Le deuxième angle concerne les démarches bilatérales que vous avez pu avoir. On a beaucoup parlé de l'Europe, de la difficulté que cela peut représenter de manifester notre position à ce niveau. Quelles sont les démarches bilatérales que vous avez eues par rapport à l'État d'Israël et, de manière particulière, par rapport à la représentation israélienne à Bruxelles?
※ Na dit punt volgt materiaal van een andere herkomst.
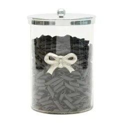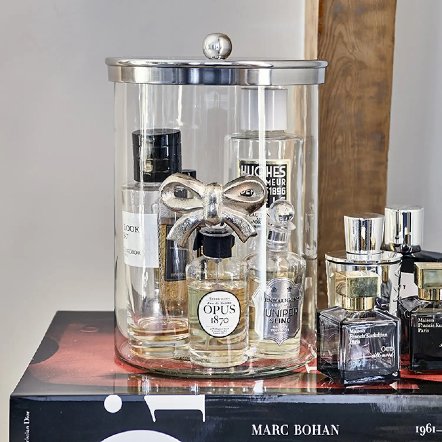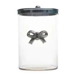The ‘Ribbon Metal Storage Jar’ is a glass storage jar with a subtle bow detail. The clear, mouth-blown glass offers a good view of the contents of the jar. The bow is made of shiny aluminum, which has also been processed according to traditional methods.
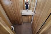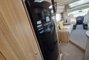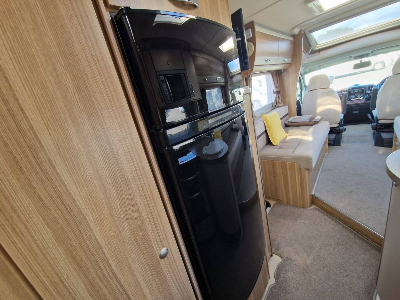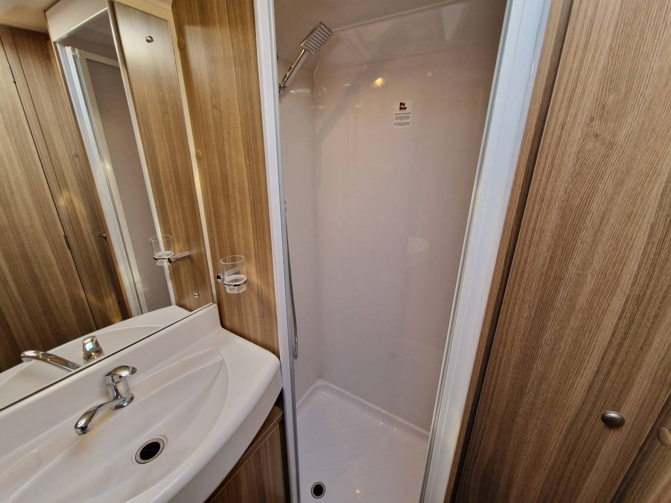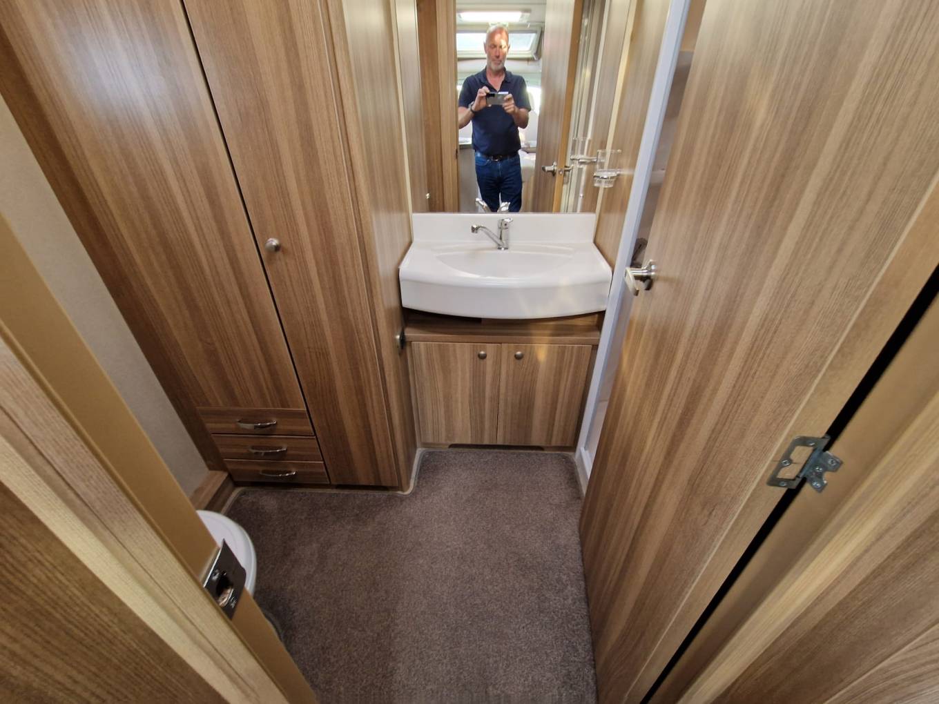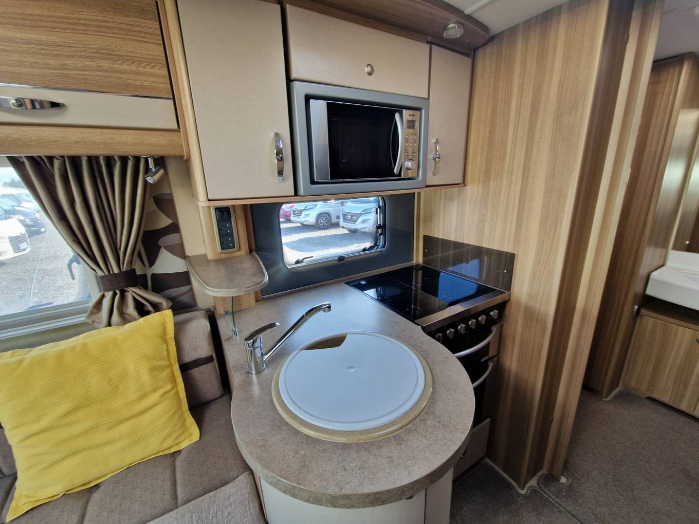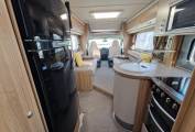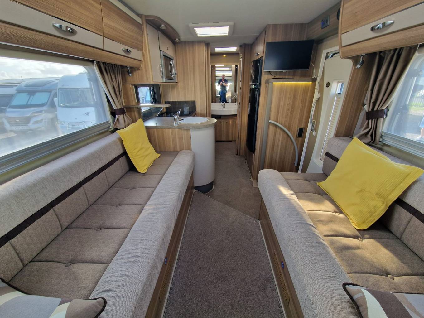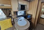 The Bessacarr E540 is perfect for a couple who want a bit more space and luxury than the average 2-berth and one of the outstanding features of this van is the full-width rear bathroom which is as good as any you will see in a motorhome. Entering via the habitation door on the passenger side, this bathroom is situated at the rear and comprises of WC, washbasin, separate shower space and added storage for toiletries and towels. The space in the bathroom is exceptional and gives loads of room for washing and changing and there is a door which closes this area off from the rest of the motorhome which allows it to be used as a private dressing room. Moving forward to the kitchen area which is equipped with a full cooker with dual fuel hob offering 1 electric burner and 3 gas burners, grill and oven, a built in microwave oven, and full-size 3 way fridge/freezer which is unused having just been replaced by the owner. Next is the spacious lounge which has two side facing sofas that can be quickly converted to a spacious double or two single beds as required.A folding dining table can be placed between the sofas, and the Captain seats swivel to form a nice bright social area with plenty of seats for family and friends and there is an Avtex TV with DVD player.There is plenty of storage below each sofa for additional items like your bedding etc.

Nous aurons l'occasion de revenir sur les origines du conflit mais ce n'est pas le moment de le faire. Pour l'instant, il faut que ces massacres cessent. Nous aurons toutes les analyses possibles sur les origines du conflit, sur la nécessité d'un règlement du conflit. Il n'empêche que dans l'état actuel des choses, la décision du Conseil européen en ce qui concerne l'augmentation du niveau de relations avec Israël est évidemment totalement inopportune. Je rappelle la longue discussion que nous avons eue sur la signature de l'accord euro-méditerranéen en ce qui concernait Israël. Dans cet accord, il y a des clauses qui concernent le respect des droits de l'homme. Si on ne peut pas agiter ces clauses dans la situation actuelle, quand pourrons-nous le faire?
01.05 Dirk Van der Maelen (sp.a): Mijnheer de minister, ik heb in 2008 vastgesteld dat u “parler vrai” hanteert ten overstaan van Kabila. Ik heb vastgesteld dat u zich principieel opstelt, wat de mogelijke toenadering van Servië tot de Europese Unie betreft. U staat op de naleving van het internationaal recht.
Ik meen dat in het conflict in het Midden-Oosten het moment is gekomen voor wat meer parler vrai. Er is al wat parler vrai aanwezig, maar er moet meer parler vrai van België komen. Er moet ook meer gehechtheid komen, en niet alleen met woorden, maar ook in daden, aan de naleving van het internationaal recht.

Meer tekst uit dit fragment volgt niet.